→ **WORK REQUEST**
Output the listing below verbatim, without images.

SUPPLIED DATA below:

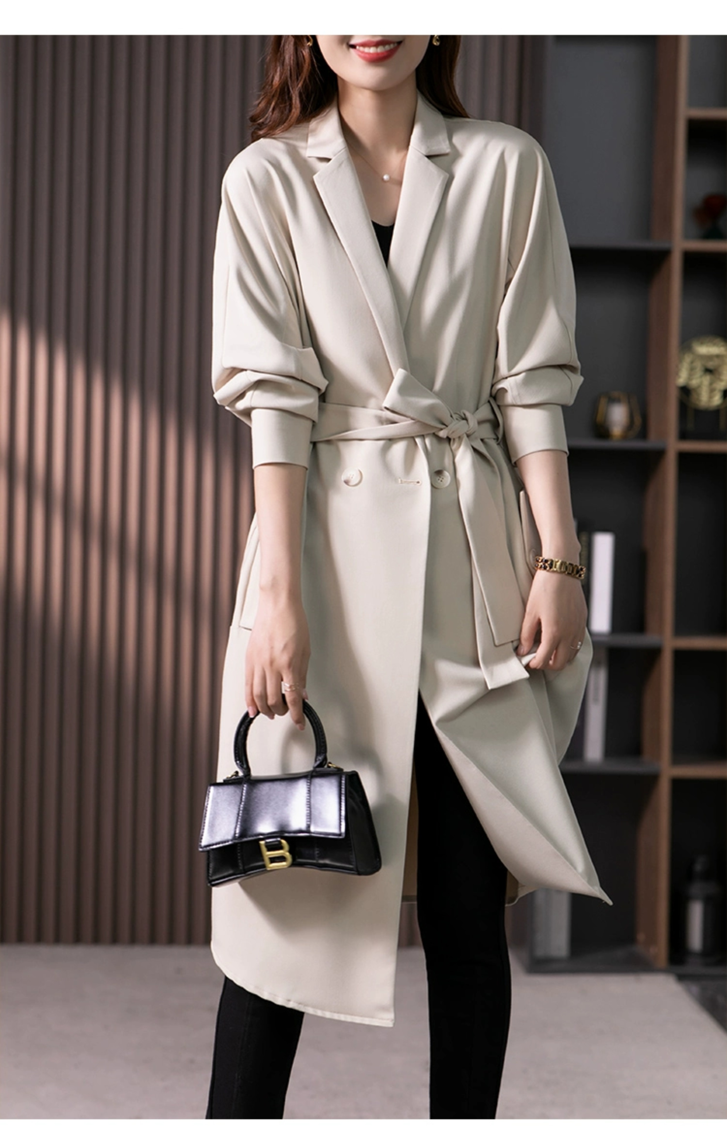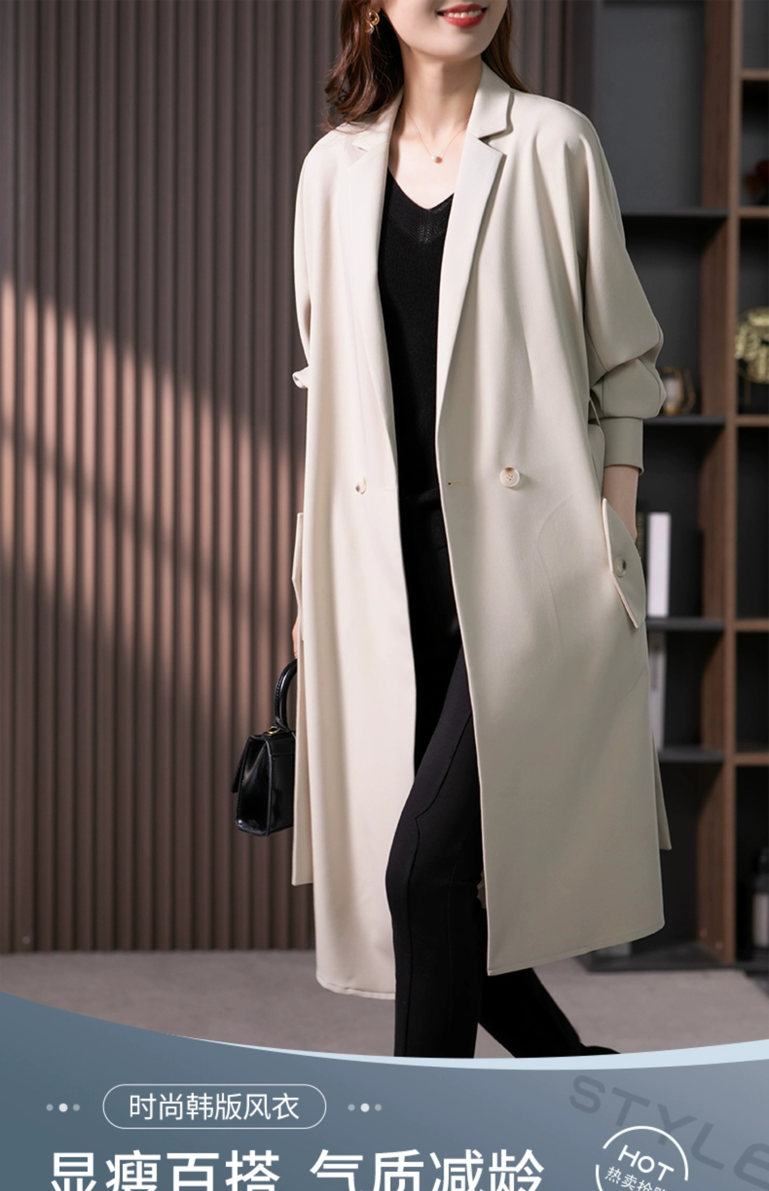 【现货7天】高级感气质风衣女长款2023春秋新款韩版收腰系带休闲百搭外套
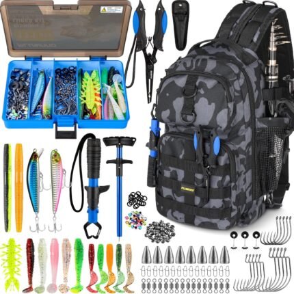 PLUSINNO Fishing Backpack with Tackle Boxes, Waterproof Fishing Sling Tackle Bag For Fishing Gear With Rod Holder, Fishing Gifts for Men With Fishing lures, Fishing pliers, Fish Lip Gripper.
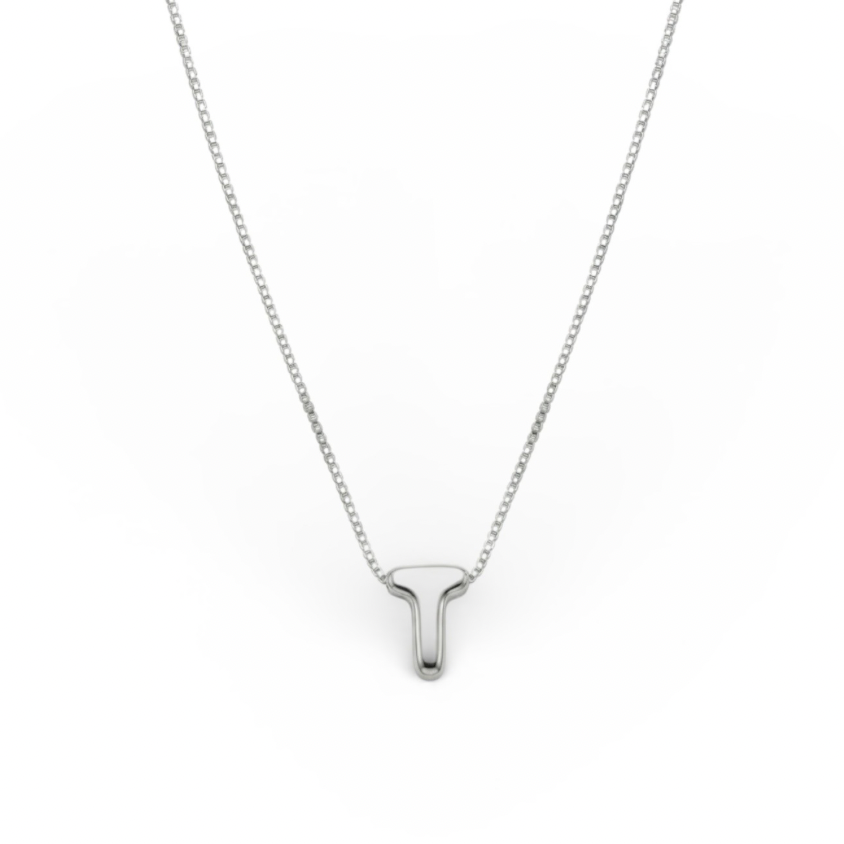 • Estilo/formato: minimalista, delicado, com pingente de letra bold central
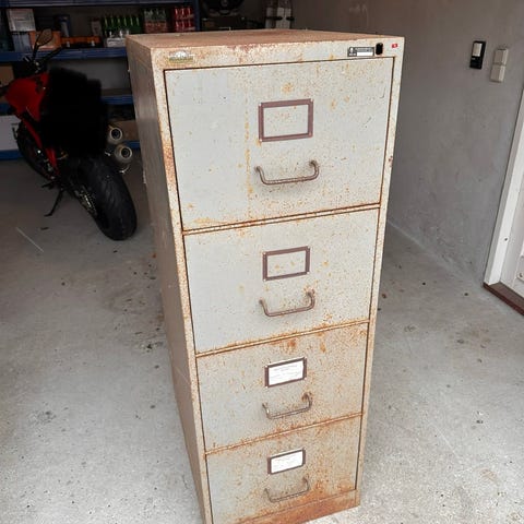 Arkivskab i stål, grå, med 5 skuffer, b x d x h: 1018 x 681 x 362 mm

End of SUPPLIED DATA.

→ **RESULT OF THE EXERCISE**
 【现货7天】高级感气质风衣女长款2023春秋新款韩版收腰系带休闲百搭外套
 PLUSINNO Fishing Backpack with Tackle Boxes, Waterproof Fishing Sling Tackle Bag For Fishing Gear With Rod Holder, Fishing Gifts for Men With Fishing lures, Fishing pliers, Fish Lip Gripper.
 • Estilo/formato: minimalista, delicado, com pingente de letra bold central
 Arkivskab i stål, grå, med 5 skuffer, b x d x h: 1018 x 681 x 362 mm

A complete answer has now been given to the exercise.